Там же, в «Правде», но несколько позднее я познакомился с еще одним интересным и талантливым человеком — Давидом Заславским. Красивое библейское имя Давид носили, как я заметил, большей частью люди незаурядные, примечательные. По крайней мере среди тех, кого я знал лично. Правда, древнего иудейского царя Давида я лично не знал, но по всем дошедшим до нас сведениям он был личностью выдающейся. Достаточно вспомнить хотя бы его сенсационную победу над злым великаном Голиафом. А вот с талантливейшим художником Давидом Дубинским, замечательным редактором газеты Давидом Ортенбергом, великолепным скрипачом Давидом Ойстрахом, пианистом Давидом Ашкенази был хорошо знаком и даже, позволю себе сказать, дружил.
А сейчас речь пойдет еще об одном хорошо знакомом мне Давиде, о котором, на мой взгляд, стоит рассказать.
…Петроград. Лето семнадцатого года. До предела накаленная, взбудораженная, зловеще-непредсказуемая политическая обстановка. Главные возмутители спокойствия — это большевики, или, как их чаще именуют, «ленинцы» по имени некоего Ленина, недавно как снег на голову свалившегося из эмиграции, проехав через воюющую с нами Германию в предоставленном ему немцами запломбированном вагоне.
Звонкие, доходчивые, будоражащие лозунги большевиков изо дня в день подстрекали широкие массы солдат и рабочих к свержению образованного Государственной думой Временного правительства, возглавляемого Керенским, к превращению, как провозгласил тот же неугомонный Ленин, «буржуазной революции в социалистическую», к диктатуре пролетариата. Разумеется, столичная печать высмеивала нелепые претензии большевиков на власть, возмущалась их безответственной подрывной пропагандой. Особенно усердствовала в этом плане газета «День», на страницах которой из номера в номер фельетонист Д. Заславский неутомимо громил большевиков, разоблачая при этом Ленина как немецкого шпиона, платного агента германского генерального штаба.
Однако, как известно, история распорядилась по-своему. В октябре того же года большевики, руководимые Лениным и Троцким, осуществили вооруженное восстание, арестовали Временное правительство и захватили власть. «Немецкий шпион» Ленин стал председателем Совета Народных Комиссаров — нового, так называемого рабоче-крестьянского правительства России. Антибольшевистские органы печати, включая «День», прекратили существование.
А что же яростный разоблачитель большевиков Д. Заславский?
А ничего. После кратковременной паузы он начал сотрудничать в новых советских газетах, причем так же бойко, доходчиво и убедительно агитировал за советскую власть, как раньше в «Дне» за Временное правительство.
Проходит несколько лет, Давид Осипович перебирается в Москву и становится постоянным автором главной газеты страны, так сказать, «неофициального официоза»— основанной Лениным «Правды», центрального органа Коммунистической партии. Автором постоянным и, добавлю, незаменимым. В самом деле, кто из журналистов мог бы подобно Заславскому быстро, оперативно, предельно доходчиво, точно и убедительно написать статью на любую, самую ответственную и острую тему?

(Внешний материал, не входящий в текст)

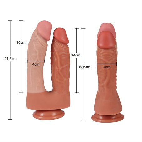 Gerçekçi detaylara ve yumuşaklığa sahip, aynı anda hem anal, hem vajinal deneyimler yaşamanızı sağlayacak iki uçlu, vantuzlu dildo.
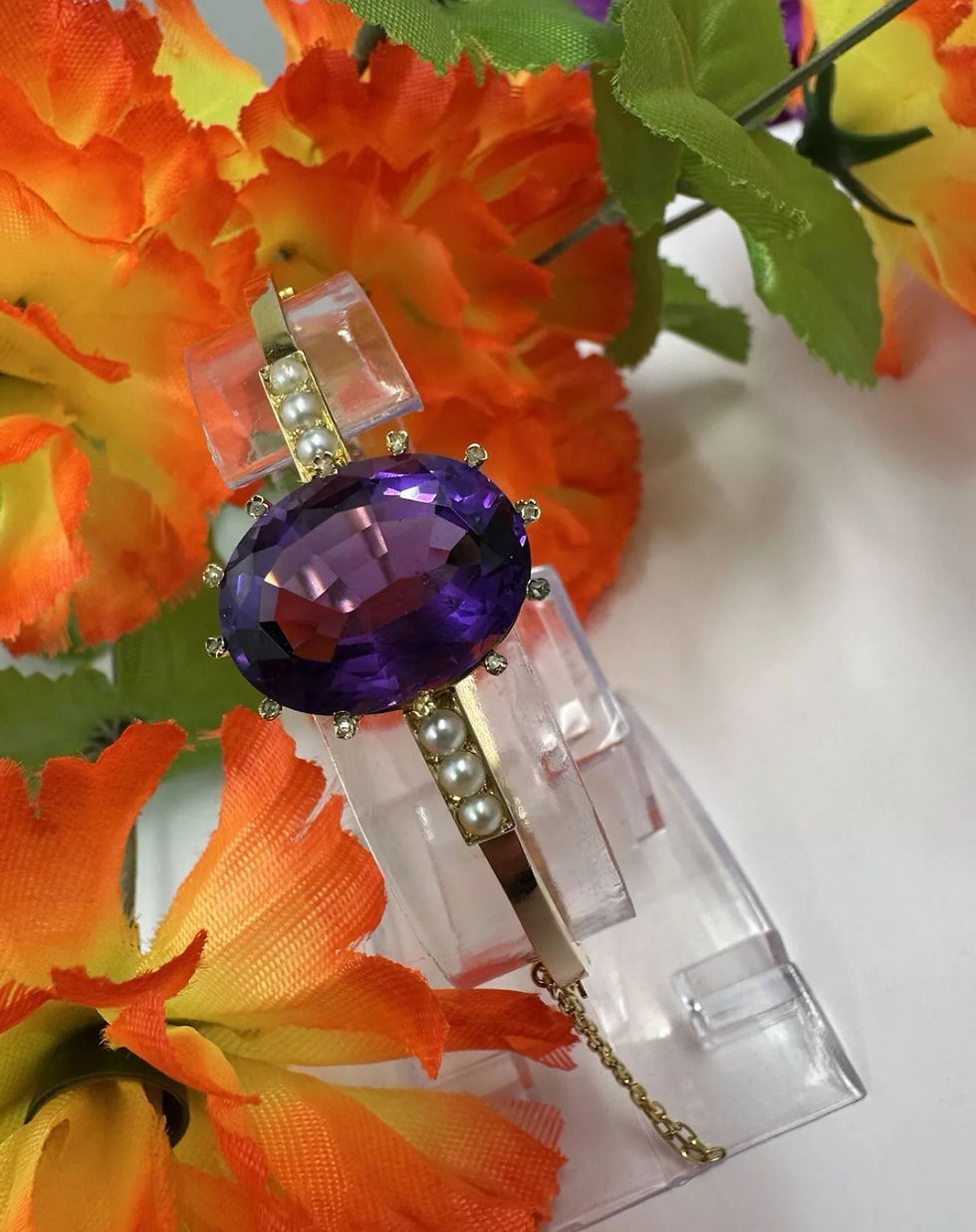 Exquisite Amethyst, Diamond & Pearl 15ct Yellow Gold Bangle
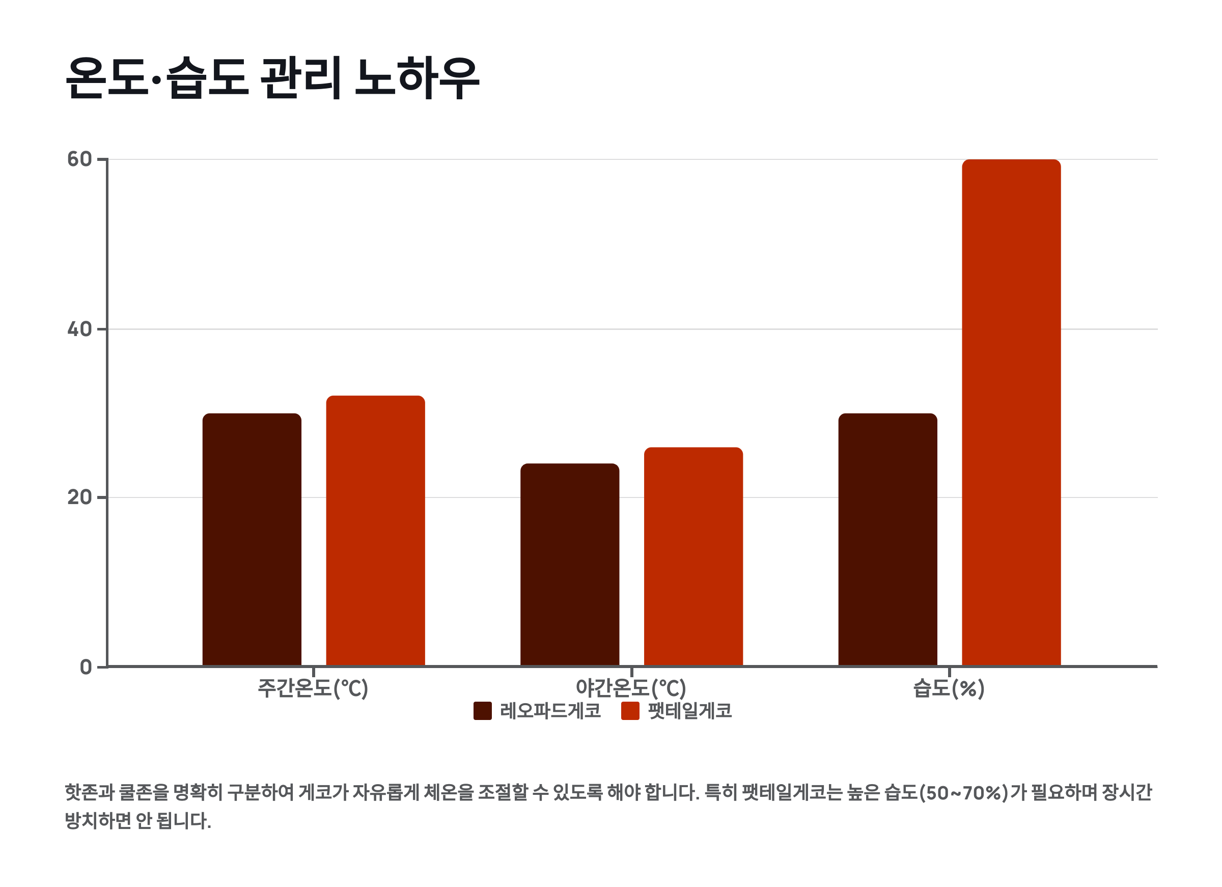 습도 관리는 두 종의 가장 큰 차이점이에요. 레오파드게코는 30-40%의 낮은 습도를 선호해요. 한국의 여름철에는 자연 습도가 이보다 높을 수 있어서 제습이나 환기가 필요할 수 있어요. 반대로 겨울철 난방으로 인한 건조함은 문제가 되지 않는 편이에요. 다만 탈피 시에는 습윤 은신처를 제공해야 해요.
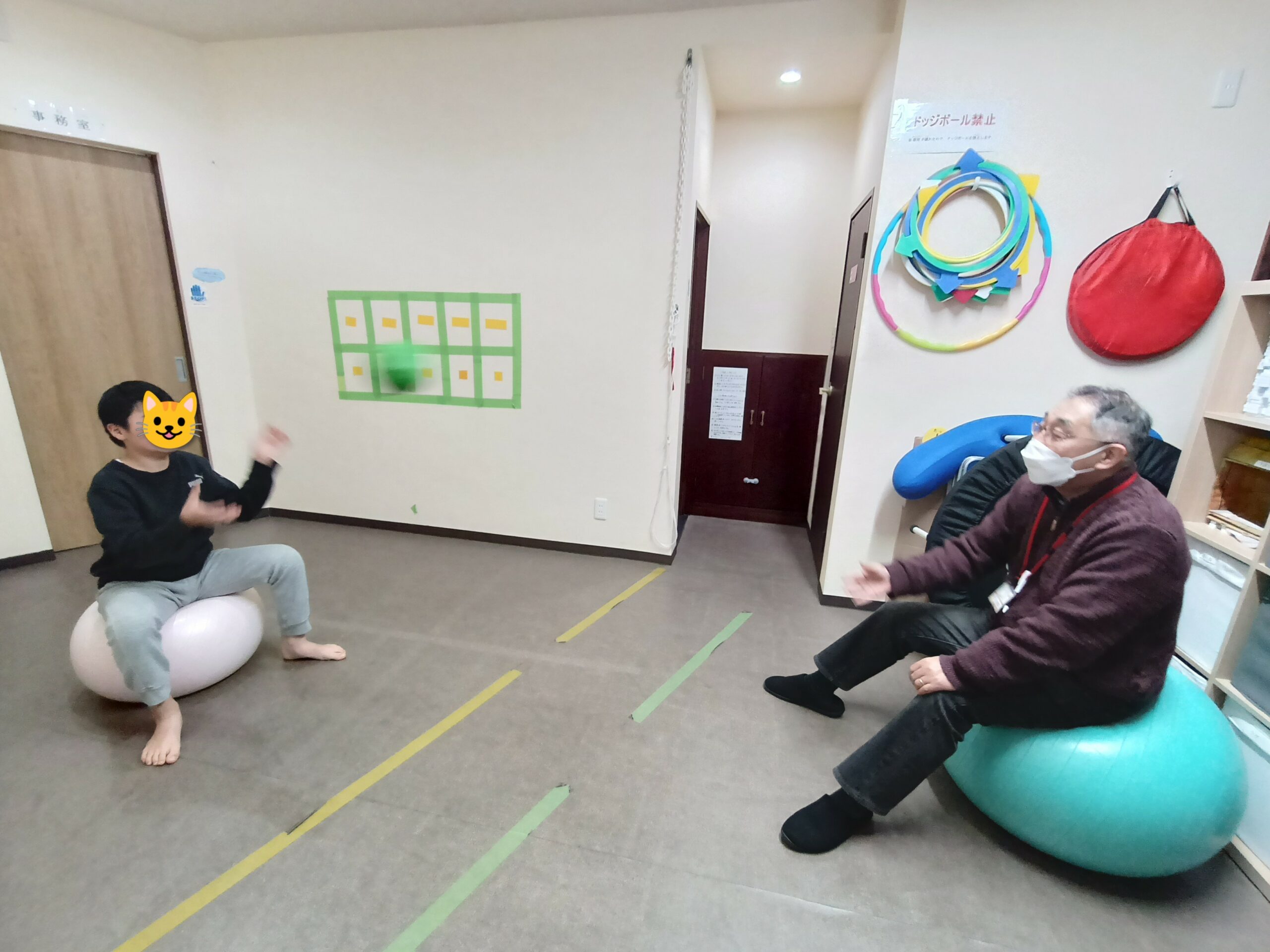 来月に学校のイベントでドッジボール大会があるらしく、キャッチボールをして特訓中です。と言っても室内なので、思い切りなげるよりもふんわりと投げる約束をして活動しています〰

Такие статьи обычно появлялись в газете без подписи автора, подобно передовицам, и тем самым давалось понять, что они выражают не просто мнение редакции «Правды», но политическую установку, безапелляционную директиву ЦК партии.

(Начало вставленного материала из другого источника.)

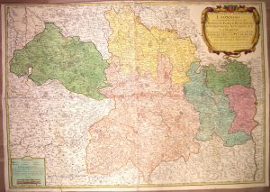 Carte de 1721: «Gouvernement général du LYONNOIS qui comprend les Provinces du Lyonnais, Forez, Beaujolais, Bourbonnais, Auvergne, et la Marche. Divisé en trois généralités, savoir celles de Lyon, de Moulins et de Riom. Et subdivisées par...
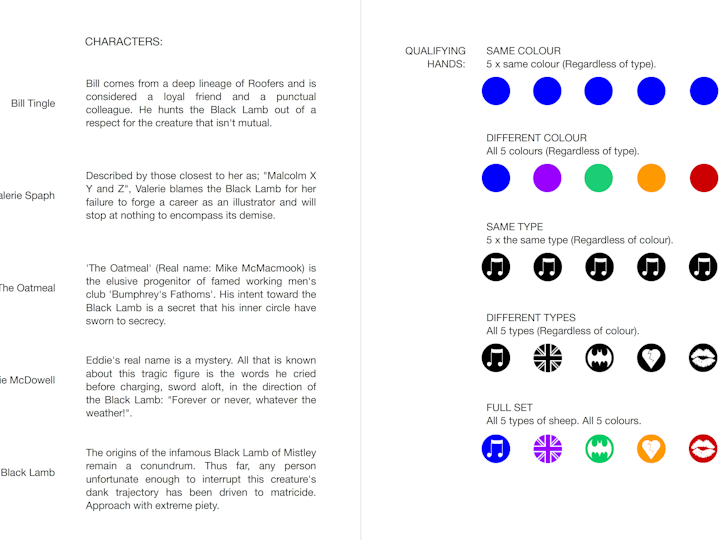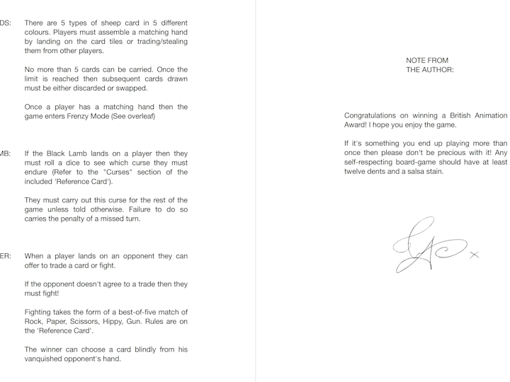 Every two years the British Animation Awards asks a selection of previous winners to create a sheep themed prize (Because; B.A.A.). Usually it’s a picture, but I’ve been waiting for an excuse to make a board game and so The Black Lamb was born. It’s a mix of Poker and Snakes and Ladders.
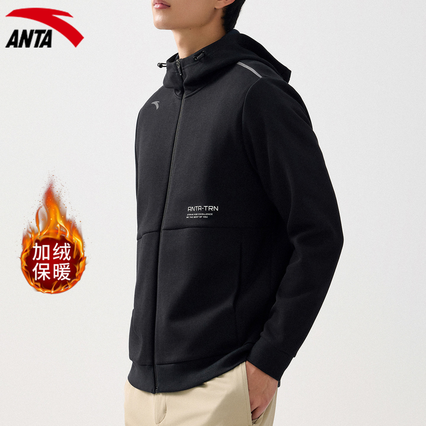 安踏外套男连帽2026新款春季加绒夹克卫衣休闲男装旗舰店运动上衣
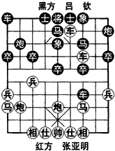 如图,红车塞象服,准备挥炮轰象,黑不能逃象5退3,因红车三进一,炮2平5,车三进二,再吃士杀。这是张亚明对吕钦弈至13回合时的形势,轮到黑方走,决定弃象诱敌。着法如下:
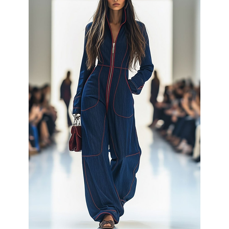 Women's Normal Jumpsuit Active Solid Color Long Sleeve Wide Leg V Neck Pocket High Waist Vacation Daily Regular Fit Blue Spring

Таковы были, к примеру, вышедшие из-под бойкого безотказного пера Давида Осиповича недоброй памяти статья «Об одной антипатриотической группе театральных критиков», возвестившая свирепую кампанию против «безродных космополитов», или статья «Сумбур вместо музыки», учинившая беспощадный разгром творчества Дмитрия Шостаковича.
Конечно, систематически публиковались в «Правде» и подписанные Заславским статьи на текущие злободневные темы, всегда толковые, убедительные, со знанием дела написанные, в том числе и на международные темы, разоблачавшие антисоветские козни западных империалистов. Не зря родилась лестная для журналиста эпиграмма:
В борьбе с врагом любого вида
Сверкает острый меч Давида.
Заславский находит время и для работы в журнале «Крокодил» и даже ведет там нечто вроде семинара для молодых, подающих надежды сатириков. С этим связан в моей памяти небольшой забавный эпизод.

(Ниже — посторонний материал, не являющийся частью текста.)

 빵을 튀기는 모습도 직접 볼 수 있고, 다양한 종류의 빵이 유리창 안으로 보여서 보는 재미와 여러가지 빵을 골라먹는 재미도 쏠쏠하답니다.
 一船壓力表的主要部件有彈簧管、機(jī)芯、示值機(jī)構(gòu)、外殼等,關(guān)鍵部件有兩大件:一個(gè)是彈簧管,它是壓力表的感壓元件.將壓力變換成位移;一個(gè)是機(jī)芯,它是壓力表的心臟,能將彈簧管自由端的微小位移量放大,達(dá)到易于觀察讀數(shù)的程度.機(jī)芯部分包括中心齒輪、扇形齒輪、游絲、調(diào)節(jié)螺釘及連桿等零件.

На редколлегии «Крокодила» шло обычное обсуждение очередного вышедшего в свет номера журнала. Отмечались наиболее удачные материалы, причем все очень хвалили фельетон «Чьими глазами?» Д. Заславского. В нем хлестко высмеивалась Элеонора Рузвельт, вдова президента США, которая в своих впечатлениях о поездке в Советский Союз поведала, что за все три недели своего пребывания в России она ни разу не видела улыбки на лицах людей и не слышала смеха. Видела вокруг только угрюмые, унылые физиономии. Давид Осипович, благодушно улыбаясь, снисходительно слушал комплименты по своему адресу.
Попросил слова и я:
— Фельетон действительно неплохой. Остроумно построен — попадает не в бровь, а в глаз. Вполне достоин пера Давида Осиповича. Но это писал не он!
Все взгляды с недоумением устремились на меня и на Заславского.
— Как это не он? — спросил редактор «Крокодила» поэт Сергей Швецов. — Что вы хотите этим сказать? Давид Осипович! Что это значит?
Заславский неторопливо потрогал свои пушистые седые усы.
— Мне кажется, Ефимов прав, — ответил он. — Я что-то не припомню, чтобы писал об Элеоноре Рузвельт.
— Ну и ну!.. — заволновался Швецов. — Что ж это будет? Ведь автор этого фельетона устроит скандал, предъявит претензии! Как это ему объяснить? В какую неприятность влипли!..
— Успокойтесь, Сергей. Автор этого фельетона скандалить не будет. Все обойдется по-хорошему, — сказал я.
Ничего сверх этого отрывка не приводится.